DATA PROVIDED:
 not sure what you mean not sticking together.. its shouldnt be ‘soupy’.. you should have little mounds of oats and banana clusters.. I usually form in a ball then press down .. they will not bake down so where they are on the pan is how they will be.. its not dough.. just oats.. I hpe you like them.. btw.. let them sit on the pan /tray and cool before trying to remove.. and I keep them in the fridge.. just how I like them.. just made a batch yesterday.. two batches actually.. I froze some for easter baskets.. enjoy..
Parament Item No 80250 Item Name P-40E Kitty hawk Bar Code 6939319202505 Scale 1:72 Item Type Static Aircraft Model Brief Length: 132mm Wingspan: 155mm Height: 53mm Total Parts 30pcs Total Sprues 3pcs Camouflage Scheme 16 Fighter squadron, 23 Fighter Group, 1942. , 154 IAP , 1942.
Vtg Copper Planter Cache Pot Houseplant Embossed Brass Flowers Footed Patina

TASK DETAILS:
Give back exactly the lines of the listing, starting with the first and ending with the one bearing "Parament Item No". Add no other lines.

WORKED SOLUTION:
 not sure what you mean not sticking together.. its shouldnt be ‘soupy’.. you should have little mounds of oats and banana clusters.. I usually form in a ball then press down .. they will not bake down so where they are on the pan is how they will be.. its not dough.. just oats.. I hpe you like them.. btw.. let them sit on the pan /tray and cool before trying to remove.. and I keep them in the fridge.. just how I like them.. just made a batch yesterday.. two batches actually.. I froze some for easter baskets.. enjoy..
Parament Item No 80250 Item Name P-40E Kitty hawk Bar Code 6939319202505 Scale 1:72 Item Type Static Aircraft Model Brief Length: 132mm Wingspan: 155mm Height: 53mm Total Parts 30pcs Total Sprues 3pcs Camouflage Scheme 16 Fighter squadron, 23 Fighter Group, 1942. , 154 IAP , 1942.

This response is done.